IO impact

At MongoDB I work on a Relational Migrator project - a tool which helps people migrate their relational database to MongoDB. And recently we grew interested in the performance of our tool. Due to the nature of the migrations, they are usually extremely long (potentially even never ending, for some scenarios). It is a rather valuable information to know where we can speed things up.

Hence we ran a profiler on a relatively big database of 1M rows. And this was what we saw:

The handleBatch method is where the meat and potatoes of our migration logic reside. It lasts for approx. 6.5 sec.
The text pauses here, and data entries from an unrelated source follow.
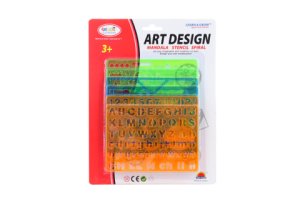Sada obsahuje 6 plastových šablón s písmenkami, číslicami, tvarmi, znakmi a obrázkami.
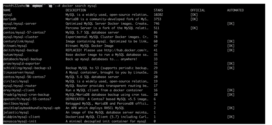 docker search mysql 实际上是去https://hub.docker.com/ 搜索的,
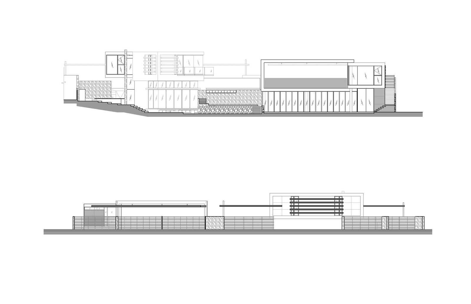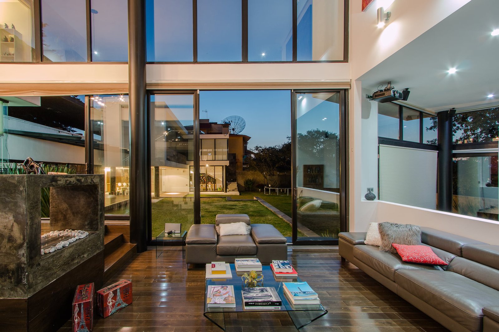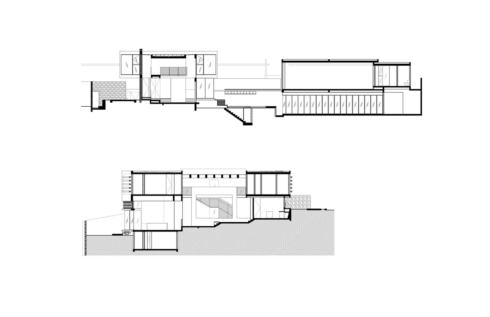 Al mismo tiempo la casa se desarrolla a lo largo de la pendiente del terreno, bajando pausadamente, la distribución la marca un gran muro de piedra que sostiene lateralmente la escalera, misma que conduce al puente que cruza por encima de la sala comedor, dicho puente da privacidad entre la recámara principal y las secundarias. El puente ayuda a crear una doble altura sobre el área de la sala comedor. Este gran espacio central se abre hacia el jardín principal. La composición de los volúmenes muestra un esfuerzo para integrarse al contexto. Planos horizontales metálicos que se intersectan con volúmenes limpios que se cierran al exterior y se abren al interior, soportados por planos verticales de piedra volcánica que se integran con el sitio. Los materiales buscan fundirse dentro del contexto intentando un balance entre calidez y sencillez.
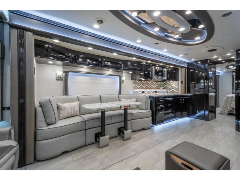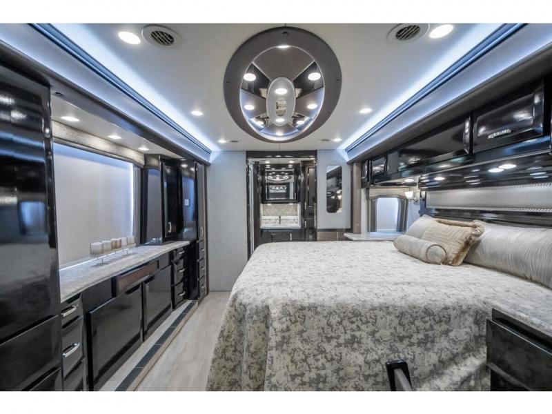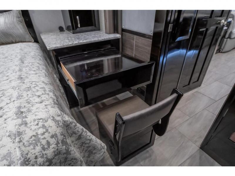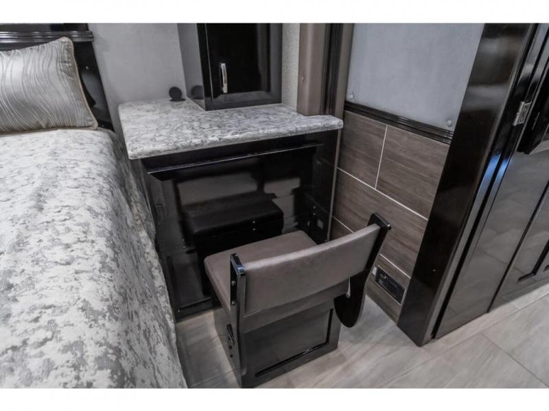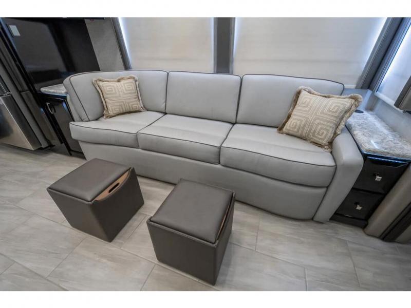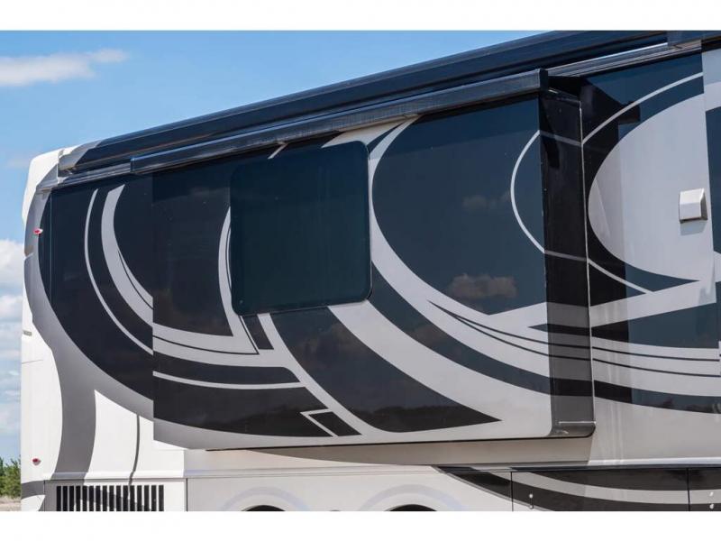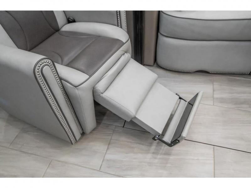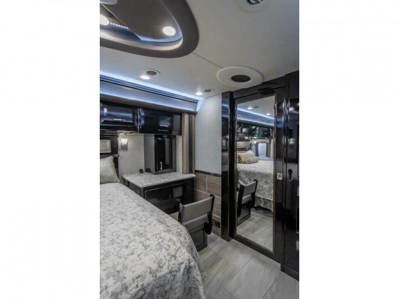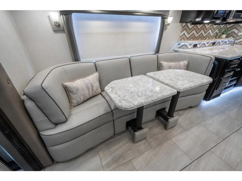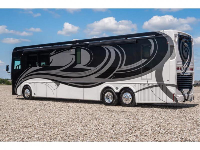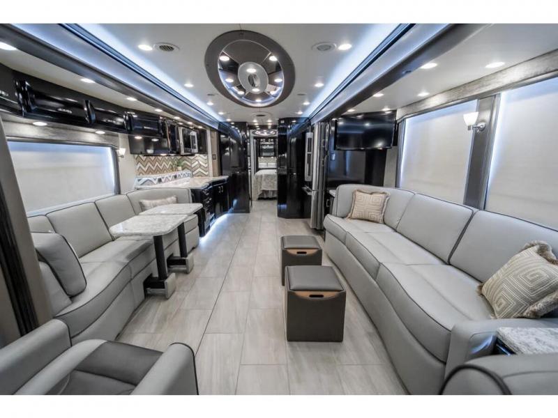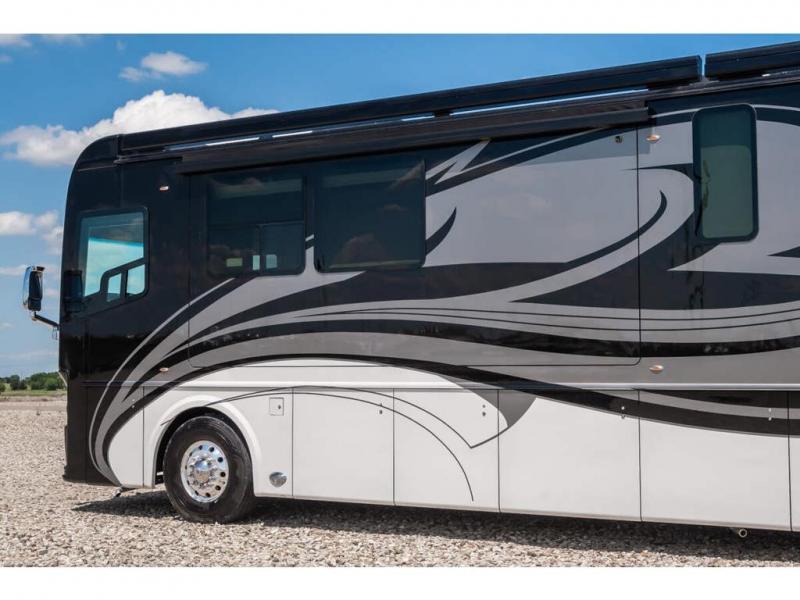 The 2024 Foretravel Realm FS6 is, not only, the premium luxury Motor-Coach on the market today, but the only coach in the industry built on Spartan's Premier K4 chassis offering incomparable ride, handling, and safety. This extraordinary motor coach is the Luxury Villa Master Suite (LVMS) floor plan featuring the incomparable Polished Stone and Cambridge interior décor package and is perfectly paired with the Armor exterior paint scheme with Diamond Pearl that you simply must see in person! The LVMS floorplan is unlike any luxury motor coach in the world; offering multiple living & dining arrangements highlighted by the dual power-adjustable dinette tables, an extra-long lounger, and a master suite arrangement that sets the LVMS apart from all other floor plans. You will find spacious wardrobes, a lavish custom-built vanity and chair, extra-large nightstands, convenient washer/dryer to closet accessibility, and exceptional storage throughout this one-of-a-kind floor plan. You will also find a multi-function digital dash and instrumentation display system, the Premier Steer adjustable driver's assist system, a Navigation system with in-dash and additional passenger side monitor, Total Coach Monitoring System, tire pressure sensors, beautiful tile floors and back-splashes, quartz counter tops throughout, ultra-high-end appliances, LED accent lighting throughout, a beautiful curved step entry way, Braun extra heavy duty power entrance step, a designer entry door with LED accent lighting, iPad launch system, 4K TVs where applicable, upgraded cab stereo and sub-woofer, heated and cooled pilot and co-pilot seats, recessed and upgraded ceiling features in the galley, recessed cook top, Mobile Eye Collision Avoidance System, a "Bird's Eye View" camera system for the ultimate in coach visibility along with an additional 3-camera coach monitoring system with power rear camera, dual integrated power awnings, power entry door awning, exterior entertainment center, (2) electric sliding cargo trays, exterior freezer, full coach and multi-color LED ground effect lighting package, Xtreme-Schemes full body paint exterior with Armor-Coat sprayed protection below windshield, all new chrome grill and accent package, (2) 2800 watt inverters, electric floor heat, (2) solar panels, dishwasher drawer, HD satellite and WiFi Ranger. The Realm FS6 rides exclusively on the all-new Spartan® K4 chassis. The K4 is not only massive in stature but boasts a best-in-class 20,000 lb. Independent Front Suspension, Premier Steer (adjustable steering control system), a Torqued-Box Frame, a passive steering rear tag axle for incomparable handling and maneuverability as well as the Spartan’s Advanced Protection System® which includes OnGuard Active™ a collision mitigation system with adaptive cruise control, Cummins Connected Diagnostics™, electronic stability control, and automatic traction control. You will know instantly, once behind the wheel of a Realm FS6, that this chassis is truly a cut above all other luxury motor coach chassis. It is powered by a Cummins X15 605HP diesel. You will also find additional advanced safety features on a Realm FS6 including a fire suppression system for the engine, Tyron Bead-Lock wheel safety bands, and steel construction rather than an aluminum cage found in the competition. You will also enjoy the ultimate in slide-out room fit and finish. These slides are undoubtedly head and shoulders above the competition. They feature pneumatic seals that provide a literal airtight seal completely around the entire slide-out room regardless of slide position for the premium in fit, finish, and function. They also feature a power drop-down flooring system that gives the Realm not only a flat-floor when extended, but a true flat floor when retracted as well. (No carpet lips, uneven floor surfaces, damaging rollers, poorly sealed rubber gaskets, etc.) The Realm also features a flat floor bedroom to master bath transition.

We could have debated on which parts of this flame graph we could optimize (and we actually did), but we first decided to take a quick look at the same graph from the higher level - not the CPU time (when CPU is actually doing the active work) but the total time:

The entire application run took 4,937 sec (1hr 22min 17sec). Of which, the migration itself took only 130 sec:

The biggest chunk of it was writing to MongoDB database at 120 sec:

The actual migration logic is really just 3.5 sec:

So out of 130 sec of the actual migration run, the actual logic took 3.5 sec or mere 2.69%. The rest was just IO (input/output). Which we also saw on the thread timeline:

Most time all the threads spent sleeping.

This is not new information, just a reminder that the slowest part of pretty much any application is input-output.